Il se force à dissimuler son trouble. Fébrile, il part à la recherche du premier fourgon qu’il fait avancer jusque devant la porte sur le côté de la Banque. Pendant le chargement, il voit au travers du rideau légèrement écarté la face de son maitre, avec un regard effrayant. Ce dernier l’appelle d’un signe de la main.

— Martin, vous ferez mener le charriot jusqu’à mon hôtel dès qu’il sera chargé. Qu’il nous attende dans la cour, surtout pas sur le quai !

Le char, débordant, se met à rouler doucement sous la charge. Martin ordonne au deuxième d’approcher, puis au troisième équipage. Il tape du pied, se démène pour se réchauffer et se protéger de ce vent froid qui dévale la rue. L’artère est agitée, mais le transbordement se déroule discrètement, sans attirer l’attention.

Quand le troisième attelage s’éloigne, des poches restent, en nombre conséquent. Le valet balaie la voie des yeux et avise un charretier en train de repartir sa livraison terminée. Il le réquisitionne au moyen de quelques pièces. Martin achève le déplacement des sacs lorsqu’il voit tourner le landau du Duc de Bourbon. Il se présente évidemment pour la même affaire : ils se sont certainement entendus ce dimanche. Son arrivée en grand train interroge les passants et les clients de la Banque. Des rumeurs commencent à monter alors que les dernières sacoches sont enfournées dans le carrosse, au pied du Prince maugréant. Ce dont le haut passager ne se doute pas, c’est que ces ultimes sacs correspondent pour partie à la fortune que Martin vient d’acquérir. Ce dernier est trop préoccupé pour oser s’amuser de la situation.

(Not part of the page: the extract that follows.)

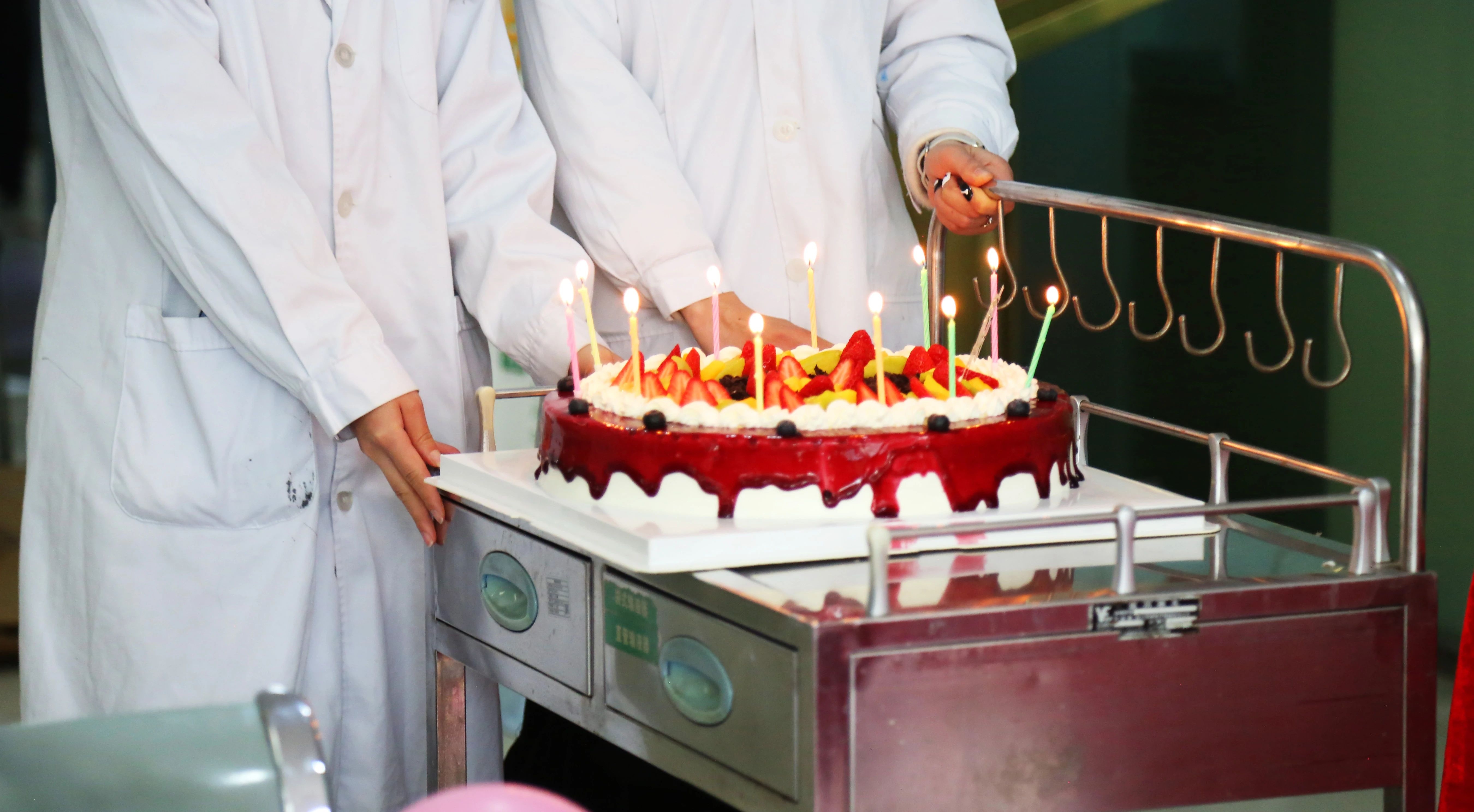 院长讲话后,生日歌再次响起,工作人员推着点好蜡烛的生日蛋糕缓缓走来。蛋糕上五颜六色的蜡烛摇曳生辉,为现场增添了一抹温馨的色彩。

Les fourgons et la charrette progressent sans encombre jusqu’à l’hôtel. Selon les ordres, les balluchons alourdis sont rangés dans l’ancien silo à grains. Il est contraint de rameuter la presque totalité des domestiques mâles pour décharger cette pesante fortune. Martin supervise discrètement le bon déroulement du déménagement, s’esquivant régulièrement vers sa chambre avec un des sacs lui revenant. Tard le midi, tout est terminé, les voituriers payés et renvoyés, la clé de la remise, ainsi que tous les papiers de la transaction sont dans les mains de son Seigneur, qui affiche une grande satisfaction de cette affaire. Son valet n’a jamais vu le disgracieux aussi heureux. Cela a été une opération délicate et Martin s’est démené pour sa bonne fin. Même habitué aux méthodes dédaigneuses de son maitre, il aimerait recevoir un mot de compliment pour ce travail dont il se sent fier. Aujourd’hui, cela lui est égal ! Il vient d’obtenir sa liberté dans des conditions fabuleuses. À son tour, il ose mépriser ce seigneur sans vergogne, se gardant bien de le montrer.